Where cancer had spread, the focus of reassurance changed to promoting comfort and treatment.   

Discussion

Follow-up not only gave an outlet for describing recuperation but also provided the opportunity to deal with any problems.

Patients were pleased to hear in the follow-up clinic how their suggestions and concerns had been addressed, such as using quiet bins and low lighting at night, and supplying earplugs. Positive patient experiences were marked by compassion, honesty, good communication and humour.

This study took an innovative, prospective approach to developing and evaluating critical care outreach and follow-up with patients’ input. Several areas for consideration were raised.

Critical illness rehabilitation

The psychological effects of critical illness in the literature were evident in this study (Roberts et al, 2007; Pattison, 2005; Roberts and Chaboyer, 2004; Jones et al, 2003). The issues were both immediate and long term.

Elements of dissociative amnesia may explain why some patients could not recall anything (Löf et al, 2008).

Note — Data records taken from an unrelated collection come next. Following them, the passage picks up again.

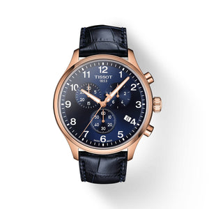 The Tissot Chrono XL watch can be defined by its large case with a diameter of 45 mm. The chronograph function accentuates its urban spirit. The Tissot Chrono XL collection offers a multitude of styles. Some may prefer the metal bracelet, others the vintage look of old-fashioned leather straps. Whichever model you choose, the Tissot Chrono XL is sure to reveal your personality. Stainless steel case rose gold PVD coating with blue leather strap, black dial, case size 45mm. Quartz movement. Water resistance up to 100 meters. Scratch resistant sapphire crystal. Standard buckle.
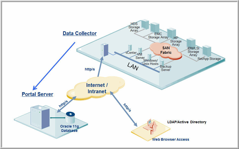 , the Data Collector uses storage array mechanisms specific to each vendor’s storage system (for example, HDS, IBM, EMC Symmetrix, EMC CLARiiON, and NetApp). In addition, Host Resources data is acquired, as described in
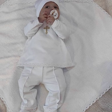 Descriere Costum din tricot, combinând confortul modern cu simbolistica clasică religioasă
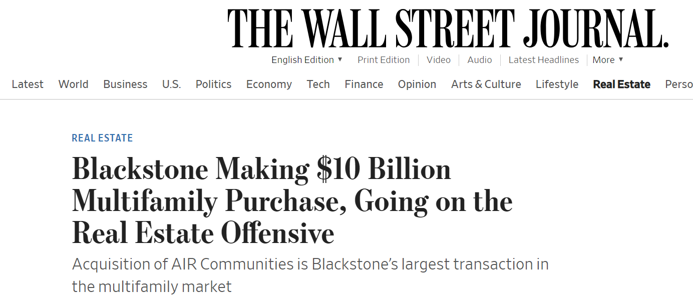 Blackstone Inc. acquires luxury apartment REIT Apartment Income REIT for 10 billion USD after a period of caution in real estate.
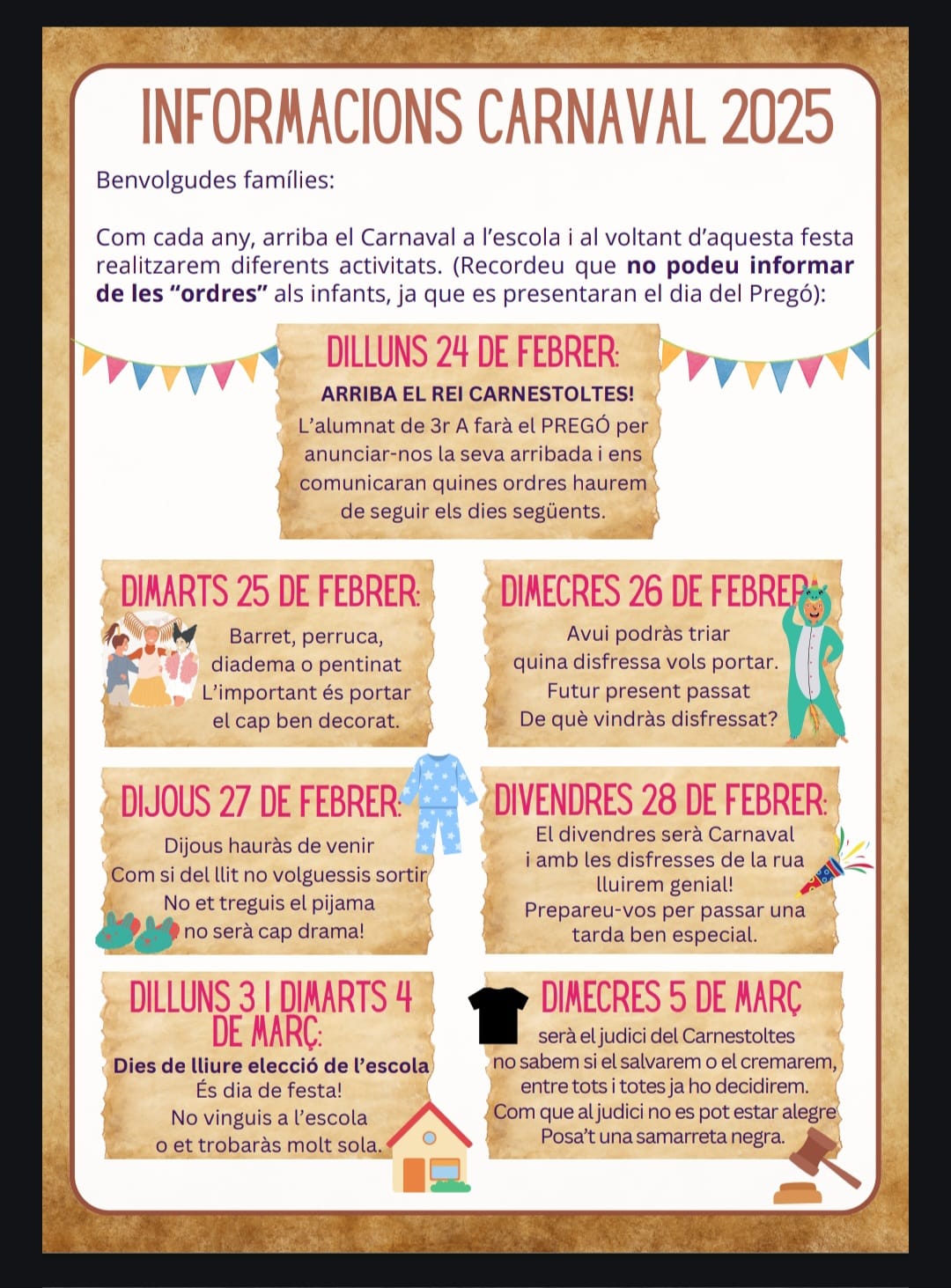 Ja arribat el Rei Carnestoltes! Feu un comentari / Per susanna Vila / 24 de febrer de 2025 / AFA Carnaval General Portada El Rei Carnestoltes ha arribat i ens ha fet el seu PREGÓ i ens ha deixat unes odres… que per seguir-les, DÉU N’HI DO! Aquí les teniu escrites per si no ho heu escoltat Que comenci la disbauxa i el Carnaval més sonat!
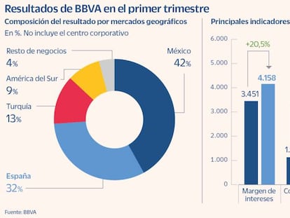 México es el motor del negocio de BBVA. En el primer trimestre de 2022 registró un beneficio de 777 millones, el 49% más. El país latinoamericano representa el 42% del beneficio total del banco.
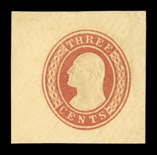 1365 og U3 image#U3, 3c Red on white, die 2, an uncommonly fresh and select mint cut square, being a full corner less the top back flap portion, measuring 35x40mm, deep luxuriant color on especially bright fresh paper, extremely fine; an elusive cut square that rarely comes up at auction, especially in this premium quality; ex-Summers. (Image) $1,300.00
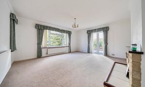 Further along the hallway is the spacious sitting room, where a large window and French doors to the rear garden bring in light from both aspects. A feature fireplace with decorative surround and open fire create a warm and welcoming space.

They may not remember traumatic events as an avoidance strategy, temporary protective psychological mechanism and/or symptoms of ASD or PTSD (Stoddard and Todres, 2001).

Jones et al (2003) found that Hospital and Anxiety Depression Scale scores are greater in critical care patients with delusional memories than those without. The advantage of this study’s longitudinal approach meant that patients were sometimes able to recall more or perhaps disclose greater depth of feeling about their experience during the second interview.

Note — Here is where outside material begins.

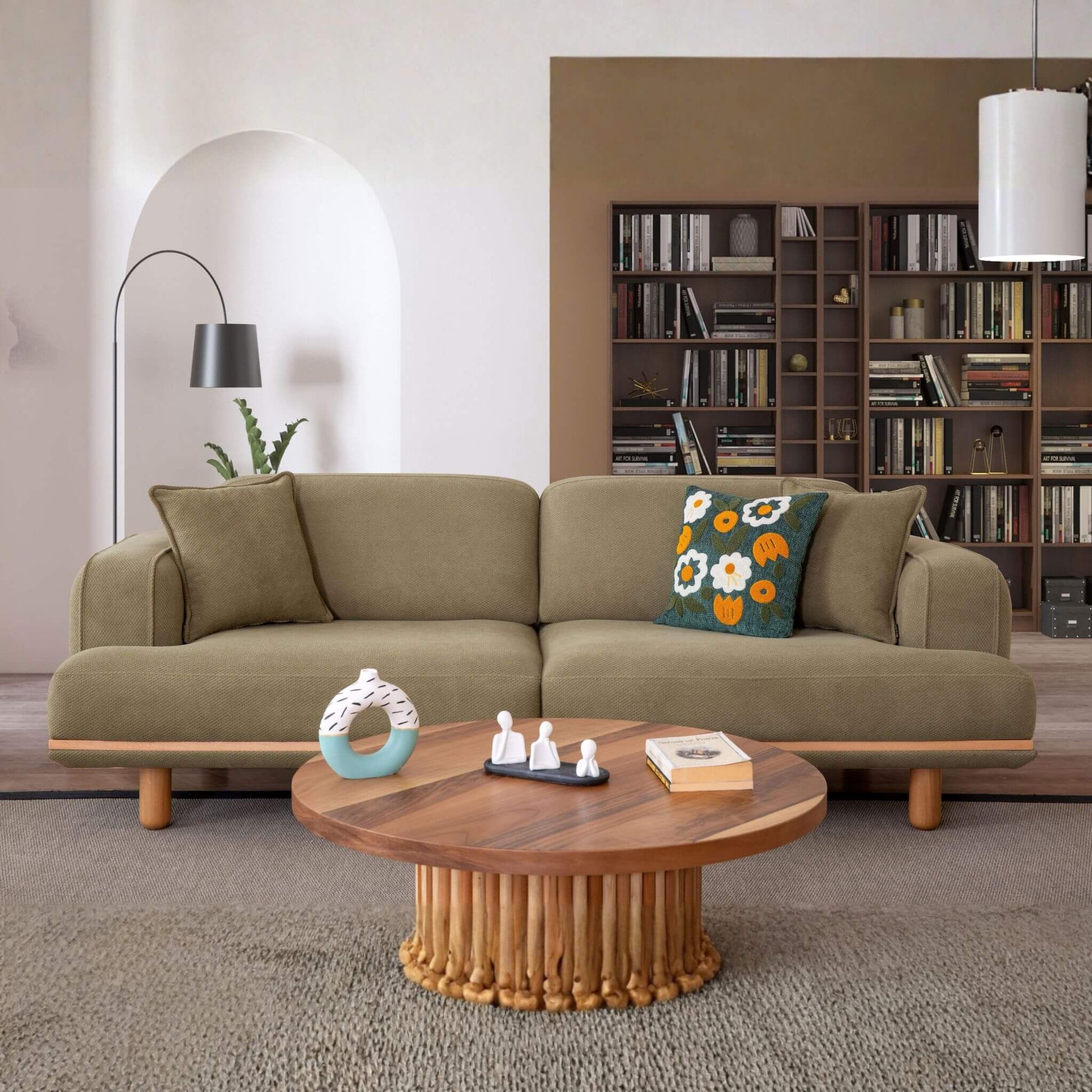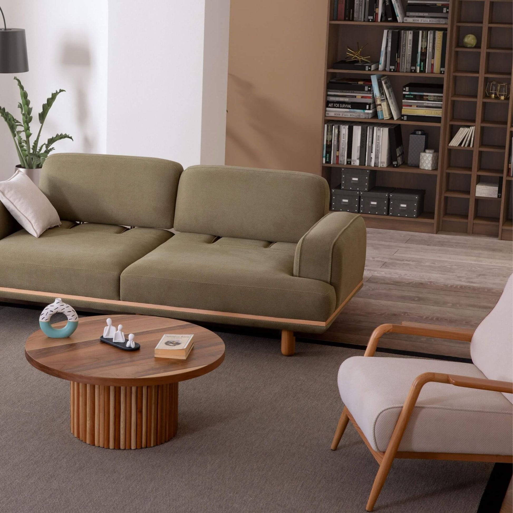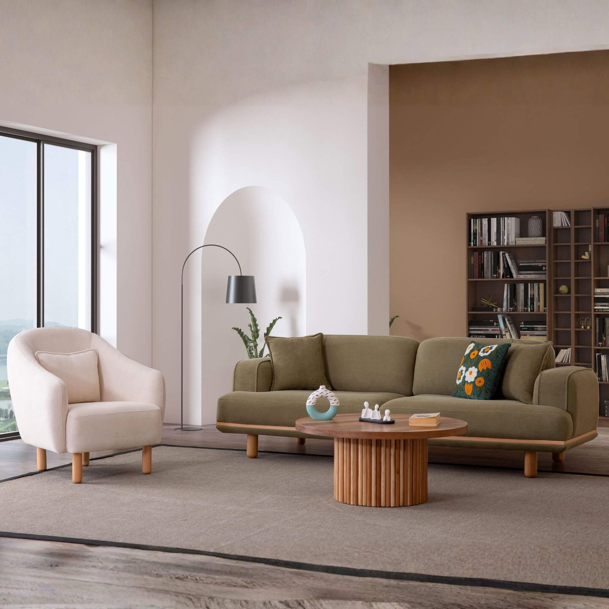 Verde Koltuk Takımı, bohem yalın çizgileri doğal tonlarla buluşturan sıcak ve samimi bir tasarıma sahiptir. Yumuşak hatlı oturum formu ve sade estetik görünümüyle hem şehir yaşamına hem de geniş alanlara mükemmel uyum sağlar.

The effects of sedation, anaesthesia, pyrexia, sepsis, drugs, noise, environment and lack of orientation found in research (for example Roberts and Chaboyer, 2004), and those outlined in this study highlight the need to consider both extrinsic and intrinsic factors in psychological aftercare.

Fear of cancer recurrence affected patients’ ability to rehabilitate. Although surgery may have been successful and the patient survived critical care, the cancer could recur or spread. Sensitivity to patient feelings was extremely important, as outlined by Hofhuis et al (2008), since the slightest negative action or reaction by nurses can lead to feelings of not being cared for or supported. Attributing problems to critical illness or cancer alone was not possible, since the elements reported could have resulted from a number of causes.

Follow-up provided a form of continuing care for patients who found it hard to adjust after critical care. Support took practical forms of referrals to rehabilitation teams, psychological medicine and care, and organising social support mechanisms. The inclusive research method helped the follow-up team to determine needs.

Telling patients about the unit, issues around transfer from critical care, physiological effects and psychological impact can help in preparing them. Patients remained surprisingly positive, showed empathy, and talked about being lucky and moving on. However, the characteristics of those participating may incline them to certain feelings such as positivity (McGrath, 2004), indicating responder bias.

The characteristics and prognoses of the two groups of patients taking part may have influenced their responses. In addition, the study’s longitudinal design meant that not all patients completed all phases since some died or were not able to complete.

Conclusion

This study shows patients and their families see the nurse-led follow-up clinic as an essential part of recovery and healing, and all participants said that they benefited from the service. The follow-up clinic is an important part of the critical care trajectory. Critical care and follow-up nurses can have a positive impact on patients’ experiences.

  • This study is described in greater detail in Pattison et al (2007).